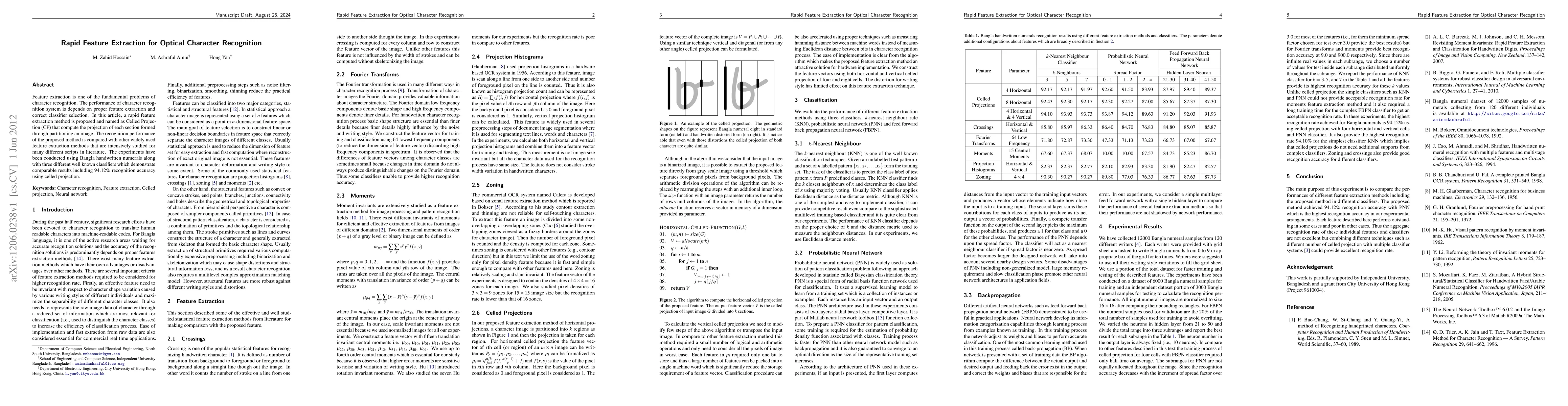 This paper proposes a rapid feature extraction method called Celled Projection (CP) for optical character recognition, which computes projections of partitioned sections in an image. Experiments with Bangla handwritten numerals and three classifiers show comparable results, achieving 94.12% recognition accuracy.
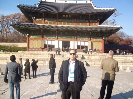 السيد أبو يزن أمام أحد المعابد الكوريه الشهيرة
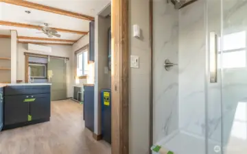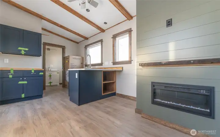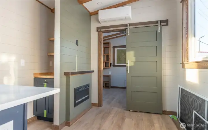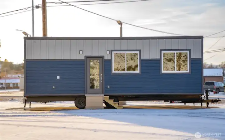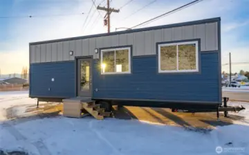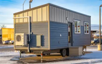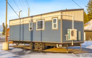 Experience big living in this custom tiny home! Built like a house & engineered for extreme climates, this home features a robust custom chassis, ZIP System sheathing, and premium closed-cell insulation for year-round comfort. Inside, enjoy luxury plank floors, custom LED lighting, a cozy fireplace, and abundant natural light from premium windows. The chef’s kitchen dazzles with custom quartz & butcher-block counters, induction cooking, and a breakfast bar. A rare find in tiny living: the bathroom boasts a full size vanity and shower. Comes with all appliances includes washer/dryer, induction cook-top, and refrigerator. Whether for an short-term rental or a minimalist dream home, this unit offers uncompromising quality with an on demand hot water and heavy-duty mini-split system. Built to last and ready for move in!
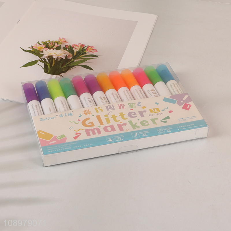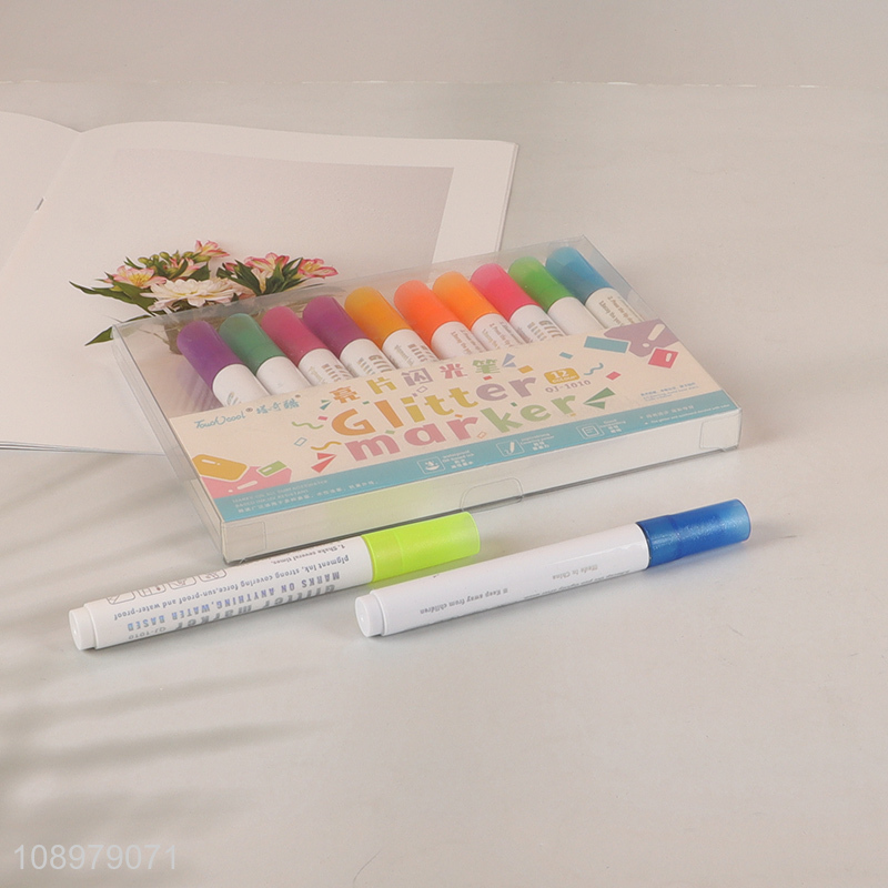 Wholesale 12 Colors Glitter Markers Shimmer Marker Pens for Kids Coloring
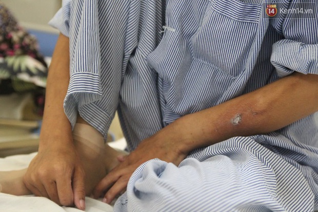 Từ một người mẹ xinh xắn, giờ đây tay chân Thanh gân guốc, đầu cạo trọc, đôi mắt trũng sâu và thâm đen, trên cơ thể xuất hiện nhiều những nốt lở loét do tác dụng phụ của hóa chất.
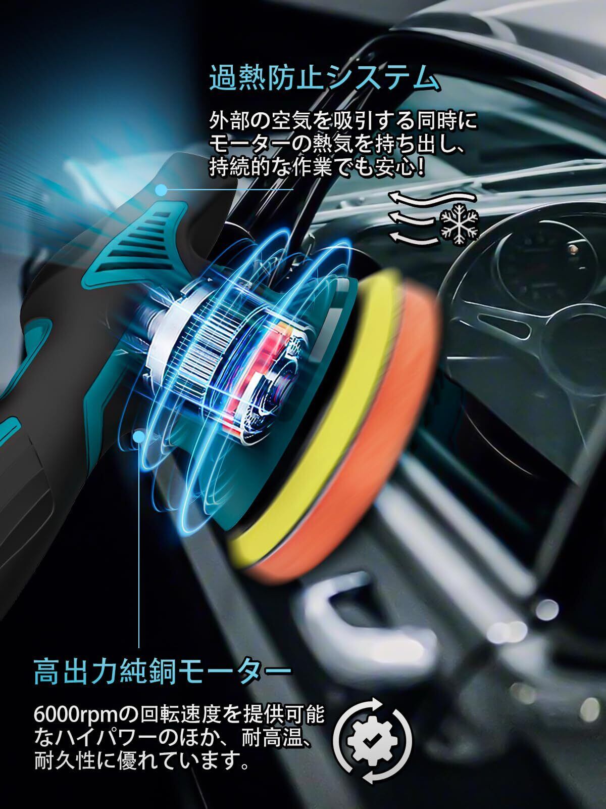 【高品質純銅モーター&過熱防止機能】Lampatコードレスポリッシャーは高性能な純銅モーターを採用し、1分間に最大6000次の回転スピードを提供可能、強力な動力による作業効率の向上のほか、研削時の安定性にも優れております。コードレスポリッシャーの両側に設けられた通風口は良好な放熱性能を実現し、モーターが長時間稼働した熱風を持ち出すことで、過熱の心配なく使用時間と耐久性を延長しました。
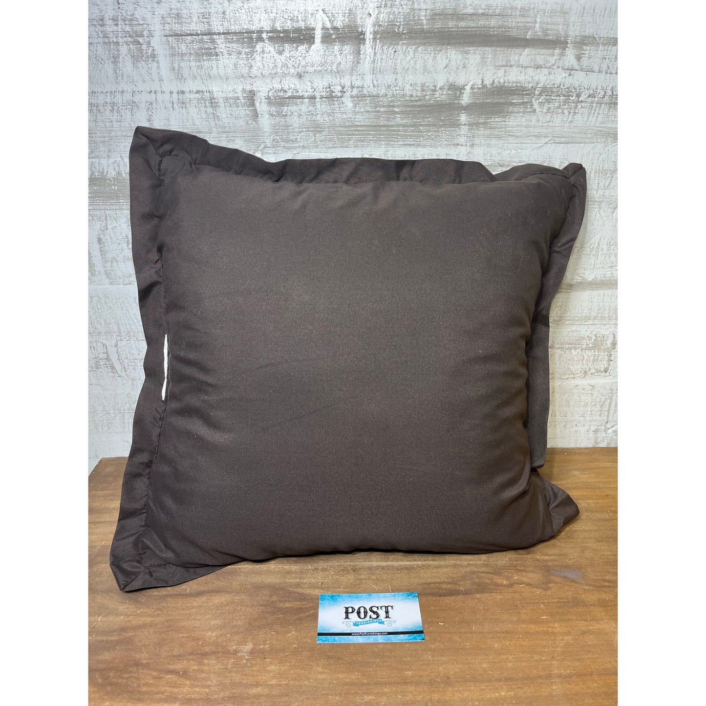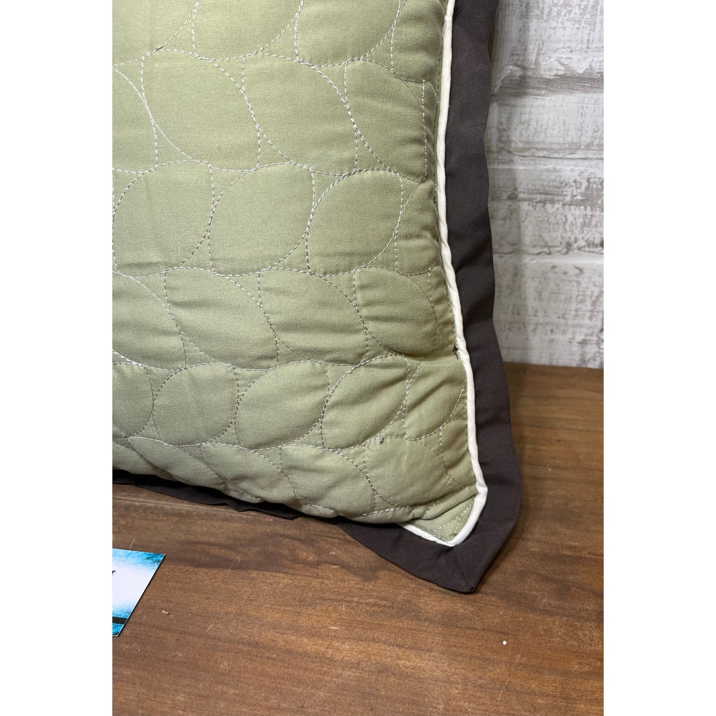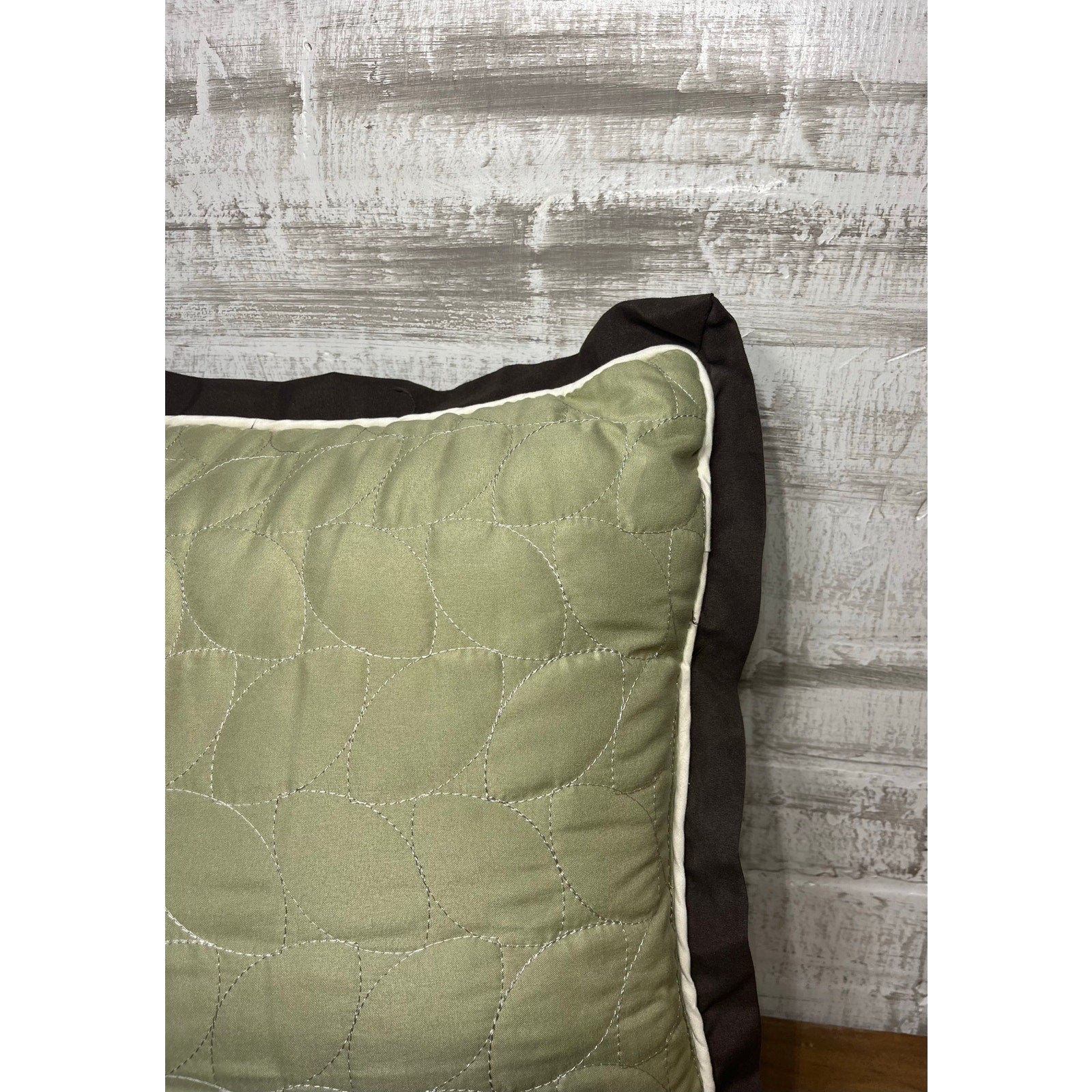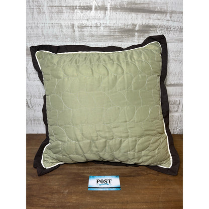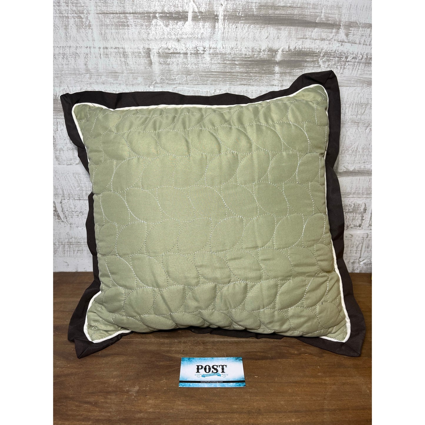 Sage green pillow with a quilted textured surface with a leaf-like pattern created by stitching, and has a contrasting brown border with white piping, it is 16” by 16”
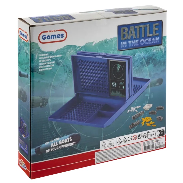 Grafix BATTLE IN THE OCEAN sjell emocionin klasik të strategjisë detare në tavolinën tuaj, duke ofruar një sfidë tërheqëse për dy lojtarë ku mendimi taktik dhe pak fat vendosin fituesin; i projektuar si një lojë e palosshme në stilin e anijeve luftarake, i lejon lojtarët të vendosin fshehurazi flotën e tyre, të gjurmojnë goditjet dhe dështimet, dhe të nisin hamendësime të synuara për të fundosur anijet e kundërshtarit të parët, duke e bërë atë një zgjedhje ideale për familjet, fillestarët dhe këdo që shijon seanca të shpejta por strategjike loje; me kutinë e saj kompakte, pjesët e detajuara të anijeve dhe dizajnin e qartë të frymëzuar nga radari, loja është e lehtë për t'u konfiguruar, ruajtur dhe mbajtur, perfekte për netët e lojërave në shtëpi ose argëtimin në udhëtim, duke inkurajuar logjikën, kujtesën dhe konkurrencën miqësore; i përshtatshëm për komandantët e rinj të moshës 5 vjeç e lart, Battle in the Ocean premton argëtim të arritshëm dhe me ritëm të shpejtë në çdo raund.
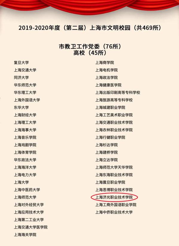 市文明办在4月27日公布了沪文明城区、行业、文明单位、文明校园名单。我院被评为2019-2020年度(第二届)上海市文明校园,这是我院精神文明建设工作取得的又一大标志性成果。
§ §
Restate word for word every line from the one with "Wholesale 12 Colors" up to and including the one with "Từ một người" in the records above, minus the pictures.

 Wholesale 12 Colors Glitter Markers Shimmer Marker Pens for Kids Coloring
 Từ một người mẹ xinh xắn, giờ đây tay chân Thanh gân guốc, đầu cạo trọc, đôi mắt trũng sâu và thâm đen, trên cơ thể xuất hiện nhiều những nốt lở loét do tác dụng phụ của hóa chất.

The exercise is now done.